TABLE 1.
Plasmid (selective marker)b | C-terminal sequencec | Mobilization frequencyd |
---|---|---|
322 329 | ||
↓ ↓ | ||
pBBR1 (none) | .ERGRDRGGYSR | ND |
pBBR1CM (KAN, CHL) | .ERGRAHFPEKCHLTSKKPLLS | 8 × 10−2 |
pBBR1MCS-2 (KAN) | .ERGRAHFPEKCHLG | 1 × 10−1 |
pBBR1MCS-4 (AMP) | .ERGRAHFPEKCHLDFGHEILKKDLHLDPFKLKMKF | 8 × 10−2 |
pBBR1MCS-5 (GEN) | .ERGRAHFPEKCHLAAL | 3 × 10−2 |
pBBR122 (KAN, CHL) | Frameshift mutation | 7 × 10−7 |
pBBR122 (complementation by pMOB3) | 1 × 10−2 | |
pBHR1 (KAN, CHL) | .ERGRAHFPEKCHLTSKKPLLS | 1 × 10−1 |
For the mobilization experiments, Nals S17-1 bacteria (45) containing one of the plasmids to be tested were used as donors and the Nalr F− strain XA106 (from our laboratory collection) was used as a recipient. Matings were performed at 30°C on LB plates as described previously (26). After overnight incubation, the transconjugants were selected at 30°C on LB plates supplemented with nalidixic acid (20 μg/ml) and the antibiotic allowing selection of the bacteria with the mobilizable plasmid (kanamycin at 50 μg/ml, ampicillin at 100 μg/ml, gentamicin at 10 μg/ml, or chloramphenicol at 15 μg/ml).

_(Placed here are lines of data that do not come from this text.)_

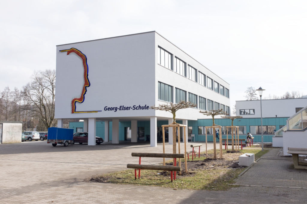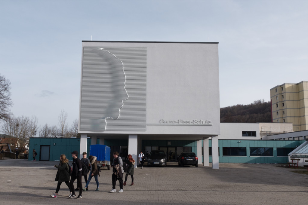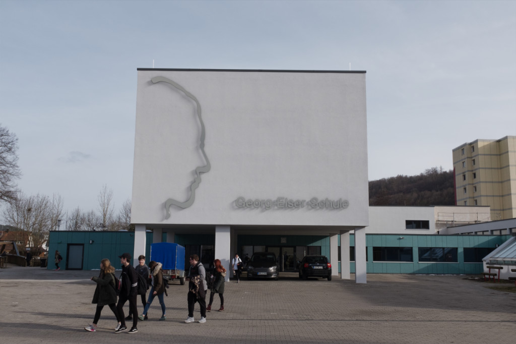 Gleich einer Welle auf einer glatten Wasserfläche wird das Profil von Georg Elser als räumliche Erhebung gebildet. In Abhängigkeit von den Lichtverhältnissen und der Position des Betrachters im Raum wird sich das Gesichtsprofil unterschiedlich einfach erkennen lassen. Der Entwurf gewinnt einen Teil seines Reizes durch die Bewegung des Profils in die Fläche und aus der Fläche heraus. Die streng rechteckige Grundform der Metallfläche wird an einer Stelle aufgelöst um die Grundlinie für den Schriftzug „Georg-Elser-Schule“ zu bilden. Die lineare Linienstärke der Schrift ist aus der Breite der Profilstäbe abgeleitet. - Im dritten wird das Profil von Georg Elser aus Keramikflächen in unterschiedlichen Höhen gebildet und entfaltet dadurch, ergänzt durch Licht und Schatten eine räumliche Gestalt.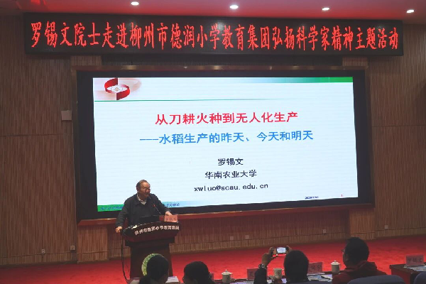 未来的农业场景,拖拉机没有驾驶室,农业生产的所有环节都实现机械化,农民不用弯腰插秧少受累……1月15日,中国工程院院士罗锡文走进柳州市德润小学开展弘扬科学家精神专题讲座,为师生描绘了一幅现代农业的智慧化发展蓝图。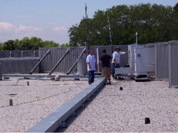 When we install the antennas we have to make sure that they are level. Then an engineer does his super complicated algebraic calculations and tells us exactly what direction they have to be facing and how many degrees of down tilt is needed. For high mounted antennas, they are tilted down slightly so that the signals reach the ground. The round one pictured above can be down tilted electrically from the ground. The two big ones shown need to be done on the tower.
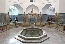 The Ganjali Khan Complex is a Safavid-era building complex, located in the old center of city of Kerman, Iran. The complex is composed of a school, a square, a caravanserai, a bathhouse , an Ab Anbar , a mint, a mosque and a bazaar.

KAN, kanamycin; CHL, chloramphenicol; AMP, ampicillin; GEN, gentamicin. Plasmid pMOB3 contains a functional mob gene and the 327-bp sequence upstream from this gene (oriT), cloned in the pCRBlunt vector.
The C-terminal sequence of each Mob protein is represented; the coordinates are positions in the pBBR1CM Mob protein. Amino acids modified in the Mob protein of the pBBR1 derivative are boldfaced.
Calculated as the ratio of the number of transconjugants to the number of recipients. ND, not determined.